It’s still odd looking at it from the outside. How can they justify supporting someone who, in so many areas of life, is the opposite of Jesus? Instead of supporting and elevating the outcasts, he kicks them. Instead of throwing out the money-lenders he embodies the worst type of scoundrel business man. Instead of advocating loving everyone he spreads hatred.


One of the big problems in the US is the two-party system. I am not a specialist, but it seems to set the stage for increased polarization, zero-sum attitudes, and general dissatisfaction among voters since they often have to go for the “least of two evils” instead of voting for someone they actually agree with.

A parliamentary system has some drawbacks but the upsides seem many more. In general, we vote for parties more than individuals. We can (almost) always find a party we agree with. The public discourse is far more nuanced since it’s between several different parties and their views. We are used to coalitions and cooperation among similar parties. And people may feel a bit more empowered since almost everyone have someone in parliament representing their views.

JUNE 14, 2020


In my suburban neighborhood in a small town outside of Oslo, you would think it would be mostly quiet. And yet, it’s almost constantly noisy with lawn movers, edge trimmers, pressure washers, building projects, radio and music on during the day, partying at night, loud music at any time of night, loud cars at night blaring out music, and so on. With the pandemic, it got even worse and more unpredictable.
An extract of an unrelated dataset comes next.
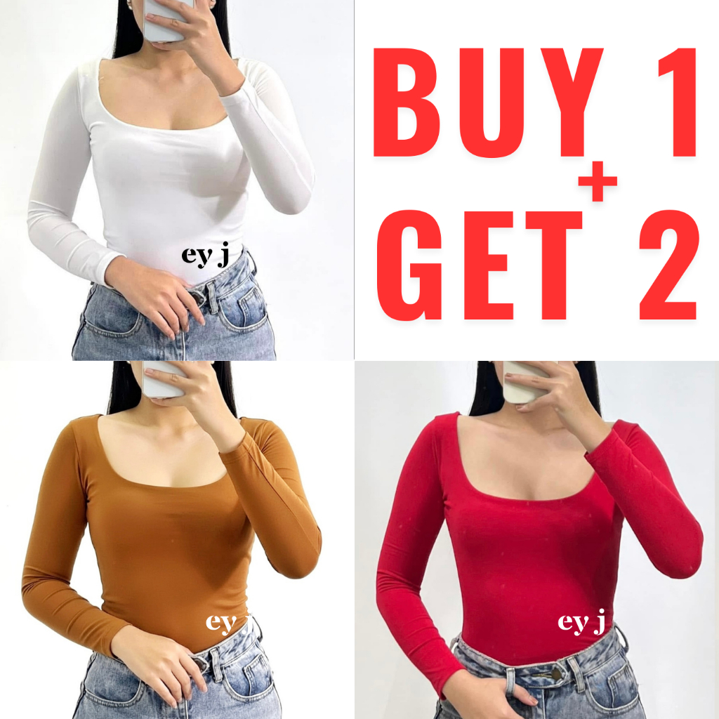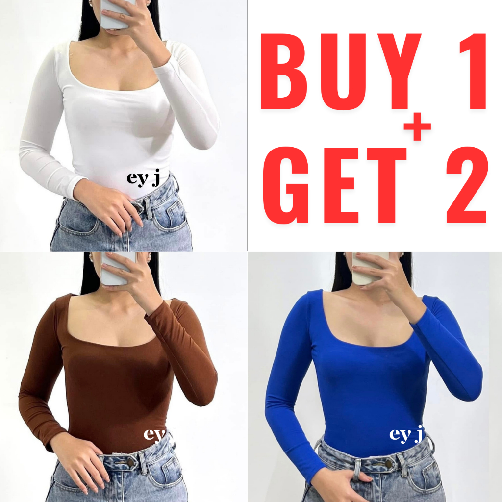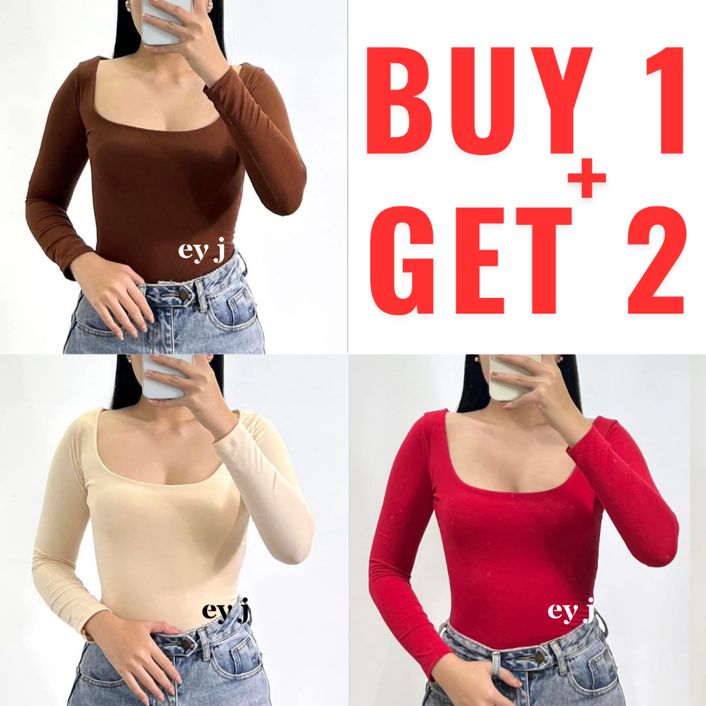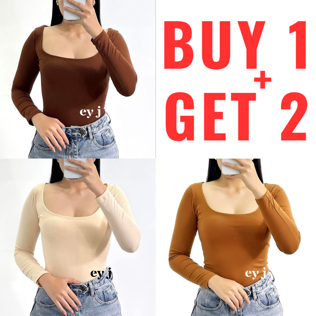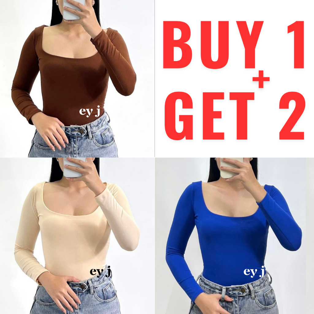 BUY 1 + GET 2 FREE (3PCS) Kalie Square Neck Long Sleeve Double Lining Front Top Womenswear Comfort

I have sensitivity to sounds in general and noise specifically so I know some of this is personal and it’s something I am working on.
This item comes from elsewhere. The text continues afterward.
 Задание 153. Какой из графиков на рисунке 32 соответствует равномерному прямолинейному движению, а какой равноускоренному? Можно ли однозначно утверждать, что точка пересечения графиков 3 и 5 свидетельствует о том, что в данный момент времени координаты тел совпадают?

At the same time, I can’t help seeing the noise of this civilization as an expression of some it’s core values and orientations.
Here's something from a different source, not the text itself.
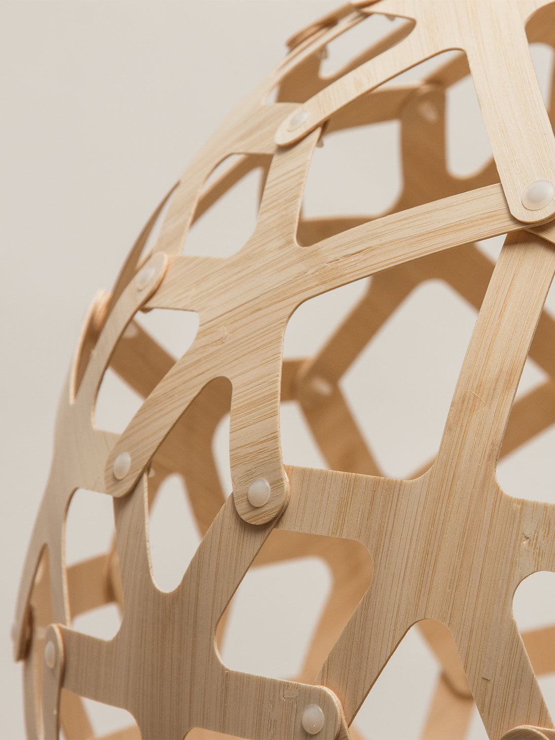 The Coral Pendant Light by David Trubridge, inspired by nature and geometric polyhedra, is a design classic and David's first lighting creation. Made from a single component repeated 60 times, it combines intricate craftsmanship with versatility. Available in five sizes and a range of finishes-including natural or painted bamboo-it can be used as a striking single piece or arranged in clusters for dramatic effect. Coral's timeless design has won numerous awards and remains a popular choice for contemporary interiors. It can also be adapted as a table lamp, offering endless possibilities for any space.

Some of the noise may reflect an aversion to silence. It comes from a reaction to what people meet in themselves in the silence and will do a lot to not meet. And some of it comes from our civilizations obsession with machines, constructing, building, and controlling and taking over nature.

To me, a lot of the noise of civilization seems to reflect a power-over attitude. When we use noise or other means to avoid meeting scared and suffering parts of us, it’s an expression of a power-over attitude. When we subdue nature with noisy machines, it’s an expression of a power-over attitude. When we systematically value noise and machines over peace and quiet, it’s an expression of a power-over attitude.


There is currently a tempest in a bottle about JK Rowling and she saying that people with female organs should be called women.

This may be an example of how some are easily offended (sometimes on behalf of others) and how the media likes to make something out of not so much. And yet, it’s also an important topic. It does impact the lives of some people, and especially transgendered, a great deal. It’s a great opportunity to raise awareness and educate people on this topic.

Personally, I imagine JK Rowling’s view mostly reflect a lack of education on the topic, and perhaps the views of an older generation.

Update: I was only aware of her infamous tweet when I wrote this and not her longer article supporting her argument. So, yes, I am among those surprised by her views and I disagree with her.

I haven’t read her article so my understanding of this is simplistic. As far as I understand, Rowling is partly worried about the “wrong” sex using public bathrooms? If so, that seems a pretty idiotic basis for taking a trans-phobic stance. We can be born with a particular biological sex, experience ourselves as and identify with the other gender, and should – of course – be allowed to use whatever public bathroom fits our experience of ourselves.

I understand the attention this has drawn, which is good since it may educate more people on the topic.

JUNE 15, 2020


I see that the leader of the libertarian-populist party (FrP) in Norway wrote an op-ed saying that Norway is among the least racist countries in the world.

She is obviously missing the point. It’s not about which country is more or least racist. It’s about all of us addressing the racism in us and our community and country and the world.

Many – including me – see her and her party as covertly racist. And that fits. She may be unable to see or acknowledge her own racism so she can’t see it in her own country. Or she is aware of it but pretends it’s not there.


I find the anti-antifa sentiment among some conservative in the US amusing. Antifa just means anti-fascist and it’s not an organization. Most of the people I know are Antifa, whether they call themselves that or not, including almost all of the oldest generation in Europe who personally suffered one way or another because of fascism.

JULY 19, 2020


Humans tend to make God into their own image, and Jesus is – at least nowadays – often represented as belonging to whatever ethnic group depicts him.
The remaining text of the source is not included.